(Beginning of Available records)
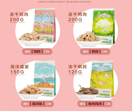 而在价格上,爱立方的冻干也更具性价比。以某宝的数据来对比,K9的320g鸡肉冻干价格为258元,而爱立方的200g鸡肉冻干108元。权衡二者的配方和价格,爱立方的性价比显然更高了。
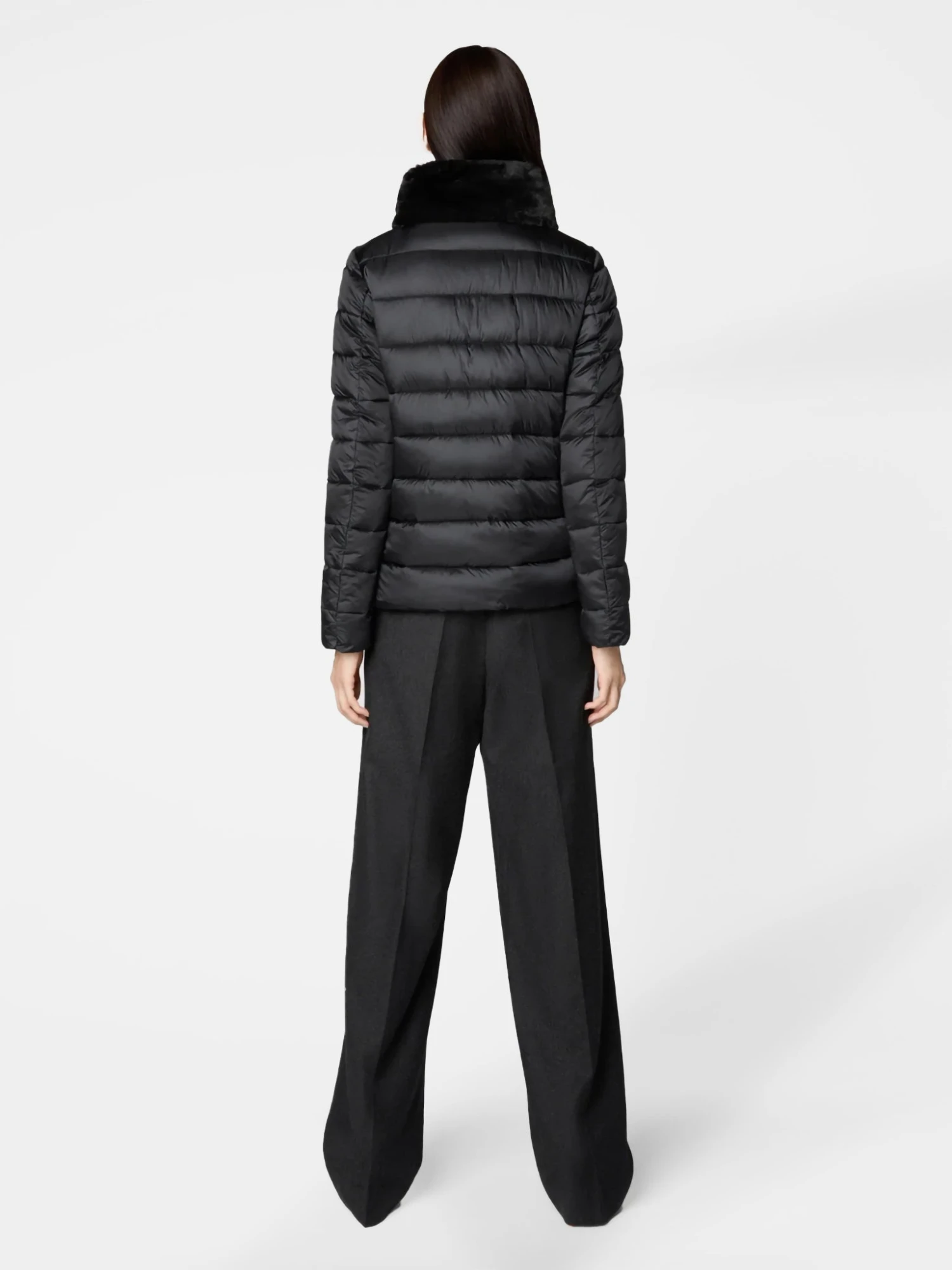 FEATURES:Insulated JacketFaux Fur CollarDouble Slider Zip ClosureSide Zip PocketsShiny, Iridescent LookLong SleevesQuilted Stitching100% Animal FreeOeko-Tex®100% NylonModel is wearing size Small jacket.Model’s Measurements: Height: 5’9″ | Bust: 32B | Waist: 24″ | Hips: 36″ | Dress Size: 2 (US)
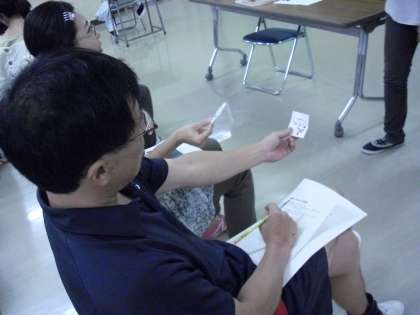 今日の放課後に本校スクールカウンセラーさんを講師に、“すぐにできる教育相談:構成的グループエンカウンター”の理論・実技研修会を行いました。教職員が生徒役になっての実習です。
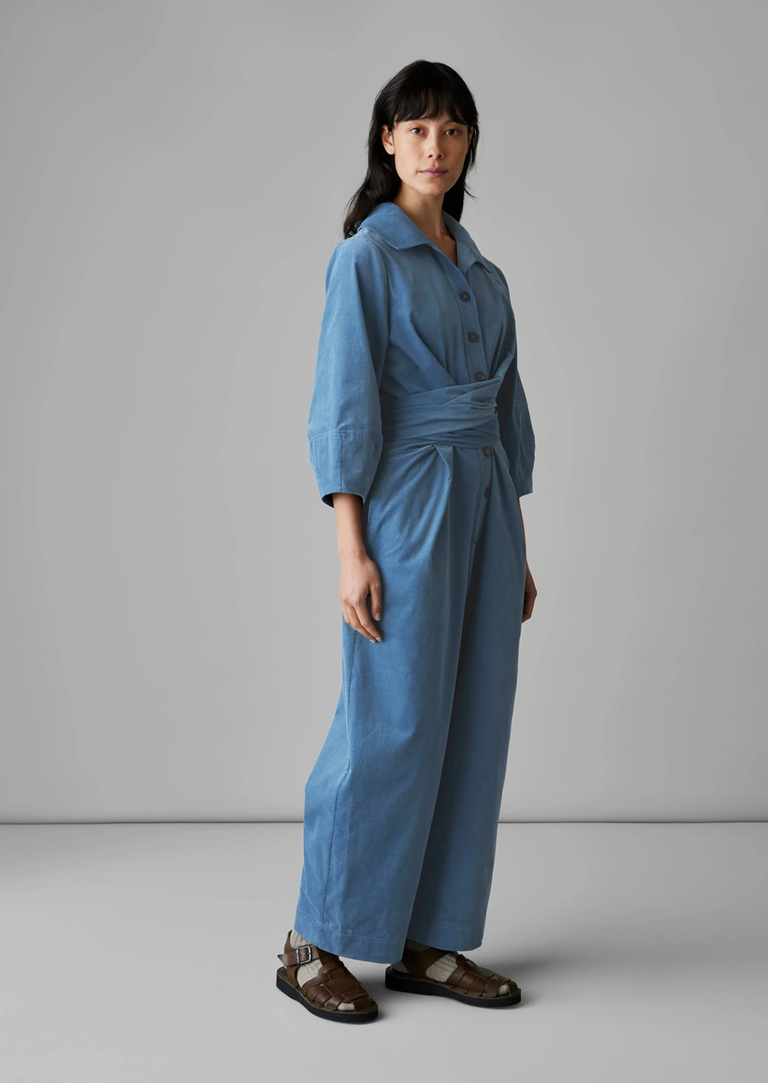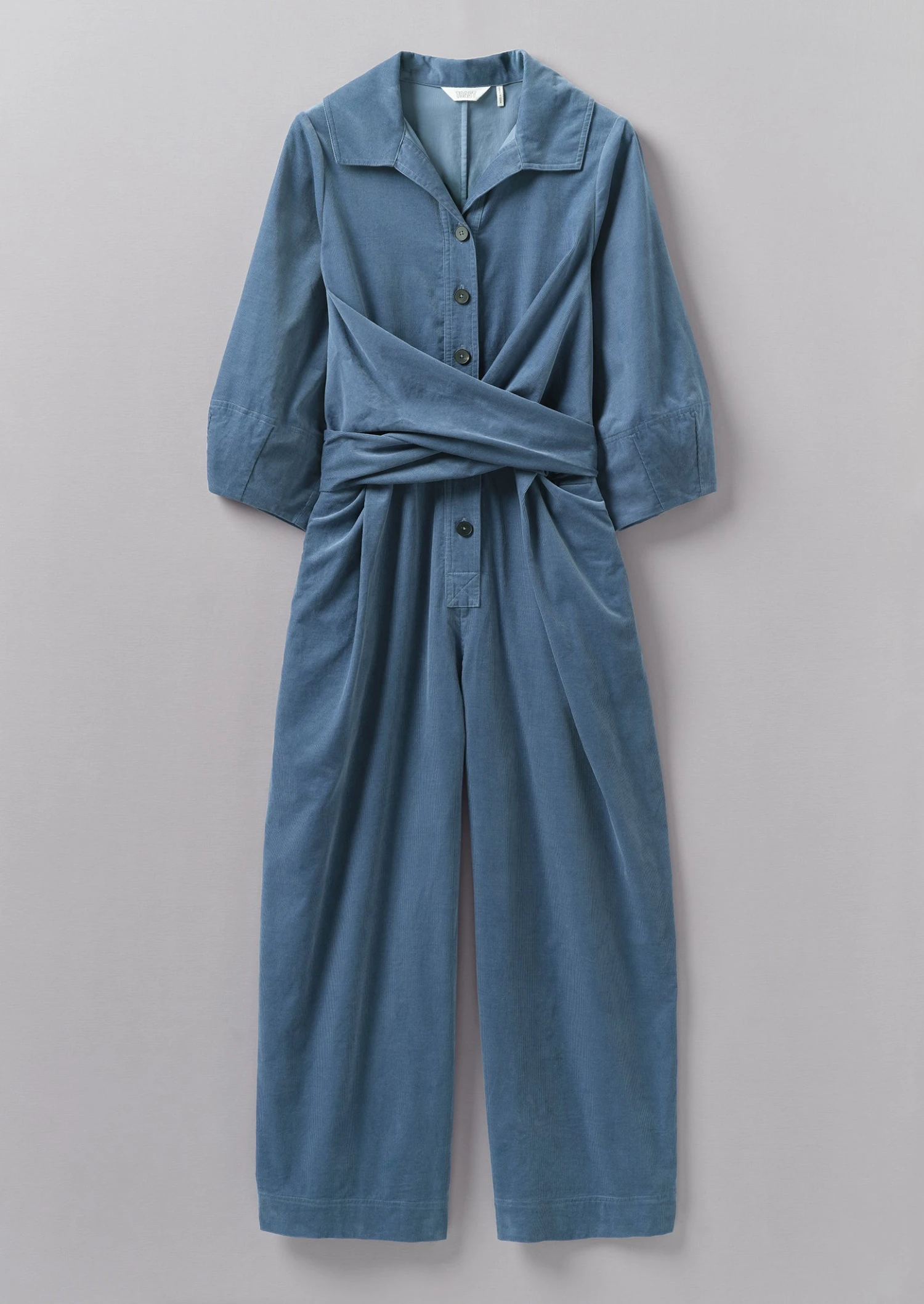 Our jumpsuit features wide waist ties which can be secured at the front or back for effortless styling. Crafted from organic cotton needlecord to a wide-leg shape and finished with side pockets.
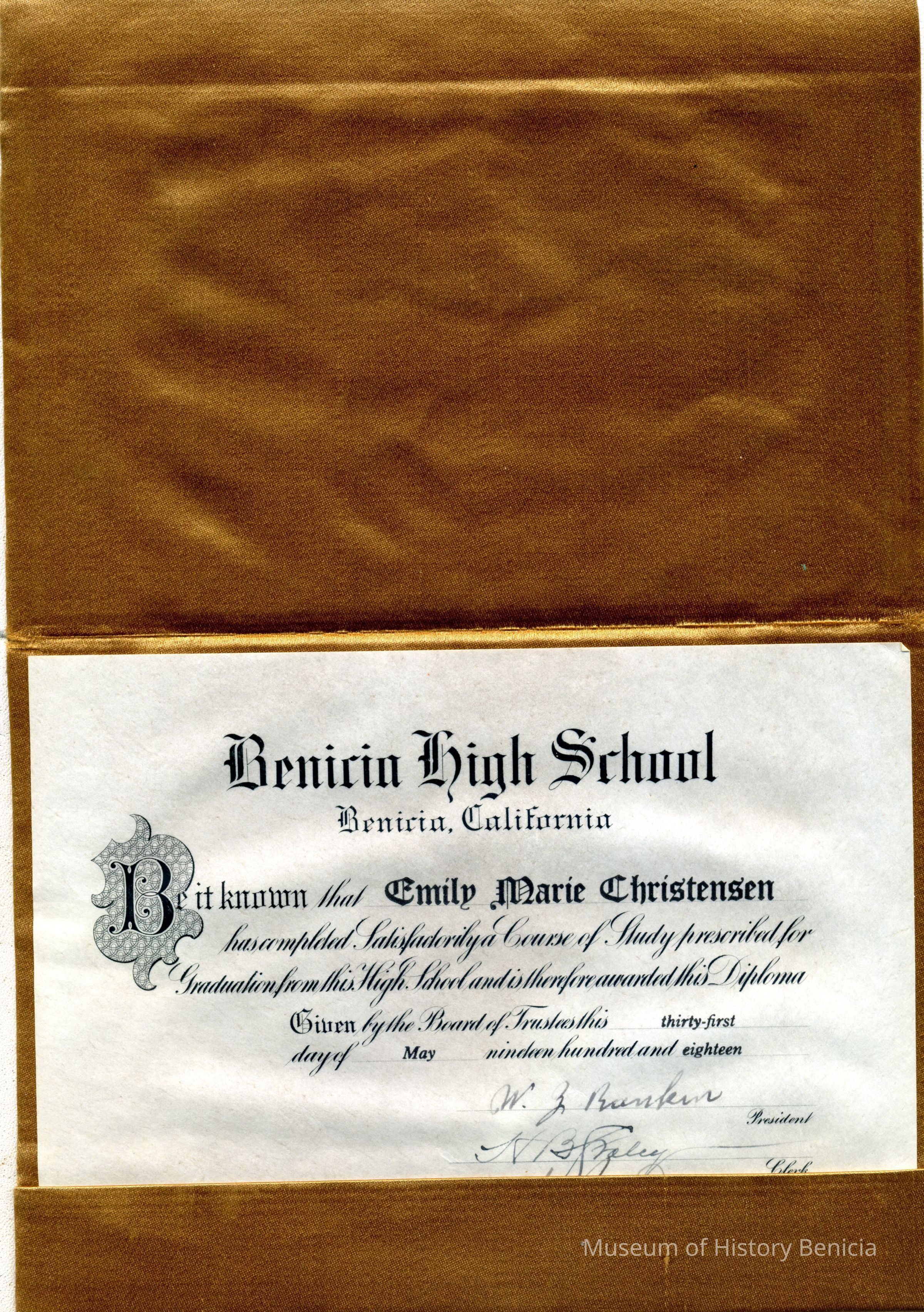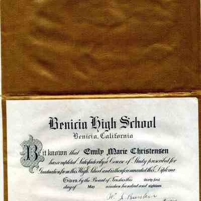 A diploma for Emily Marie Christensen from Benicia High School for 1918 in a calfskin cover.
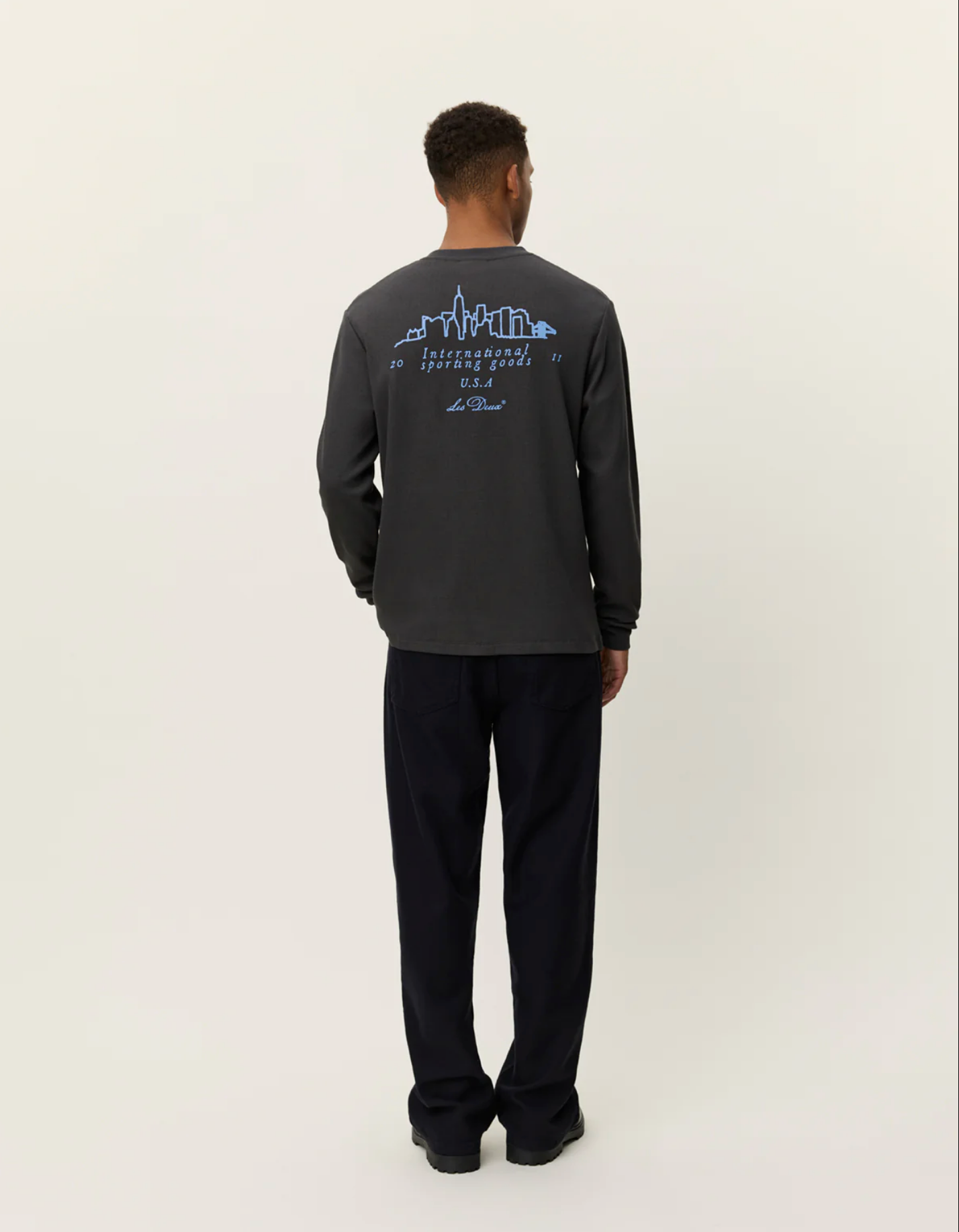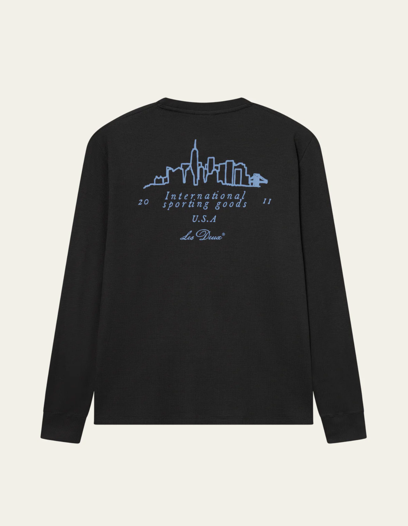 A long-sleeve tee in waffle-textured organic cotton with a touch of stretch. Features a small chest print and a large skyline graphic on the back in contrast color.
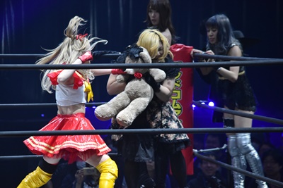 世志琥様山下をコーナーに振ってシャルロッテと一緒に串刺しラリアット連発(左写真)
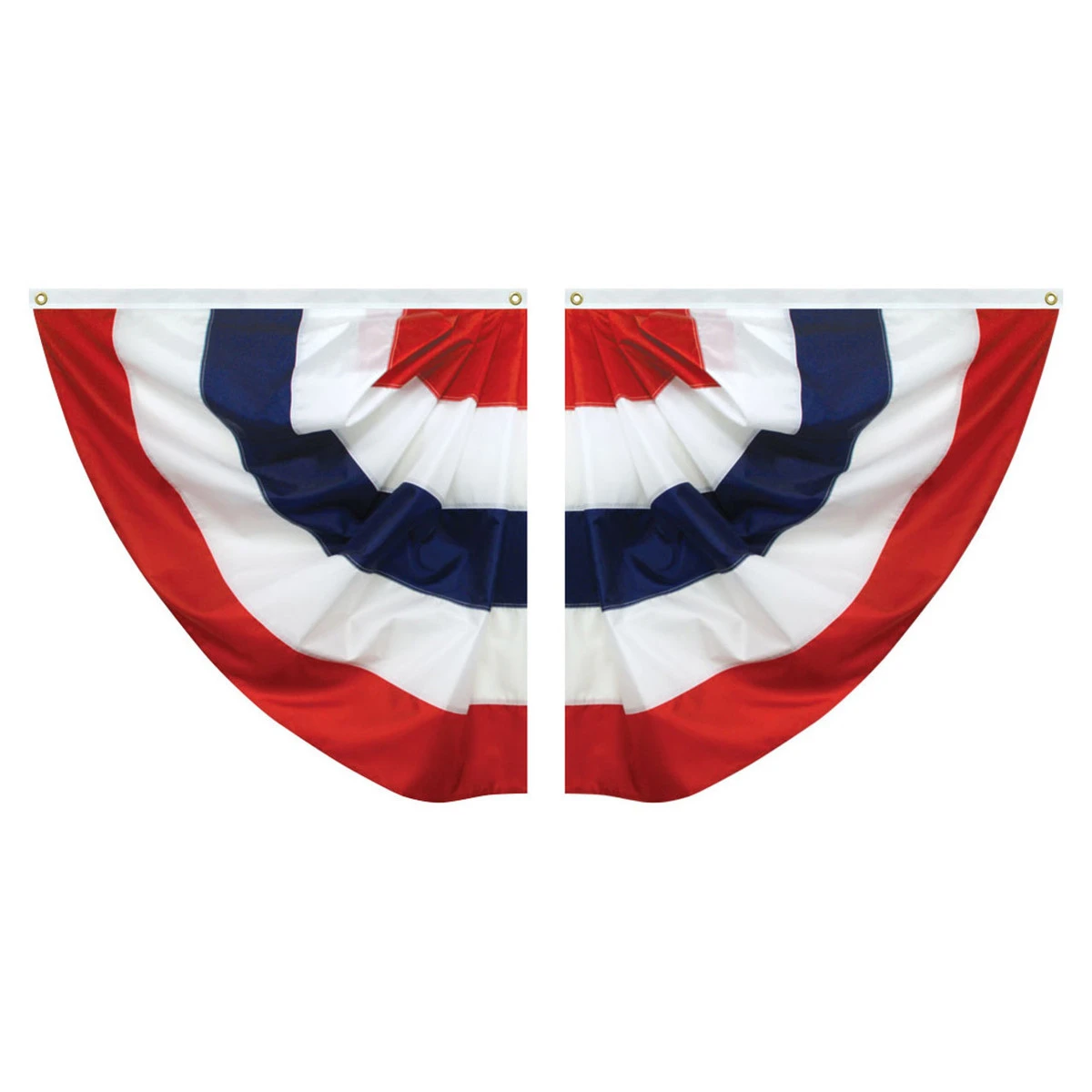 This set of two 3′ x 3′ Half Pleated Nylon Fans will be the perfect outdoor decoration at your home or office! The are fully sewn with a canvas header and brass grommets. These pleated fans do not have stars. Measures: 3′ x 3′.
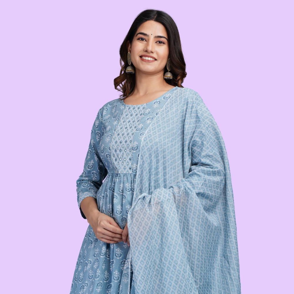 как выглядит Floral Printed Regular Pure Cotton Kurta with Pajamas With dupatta фото
(End of Available records)
__Exercise brief__: Would you please repeat only the lines above, beginning at the one that has "今日の放課後に本校スクールカ" and stopping after the one that has "This set of", exactly and with no pictures?

__Answer section__:
 今日の放課後に本校スクールカウンセラーさんを講師に、“すぐにできる教育相談:構成的グループエンカウンター”の理論・実技研修会を行いました。教職員が生徒役になっての実習です。
 Our jumpsuit features wide waist ties which can be secured at the front or back for effortless styling. Crafted from organic cotton needlecord to a wide-leg shape and finished with side pockets.
 A diploma for Emily Marie Christensen from Benicia High School for 1918 in a calfskin cover.
 A long-sleeve tee in waffle-textured organic cotton with a touch of stretch. Features a small chest print and a large skyline graphic on the back in contrast color.
 世志琥様山下をコーナーに振ってシャルロッテと一緒に串刺しラリアット連発(左写真)
 This set of two 3′ x 3′ Half Pleated Nylon Fans will be the perfect outdoor decoration at your home or office! The are fully sewn with a canvas header and brass grommets. These pleated fans do not have stars. Measures: 3′ x 3′.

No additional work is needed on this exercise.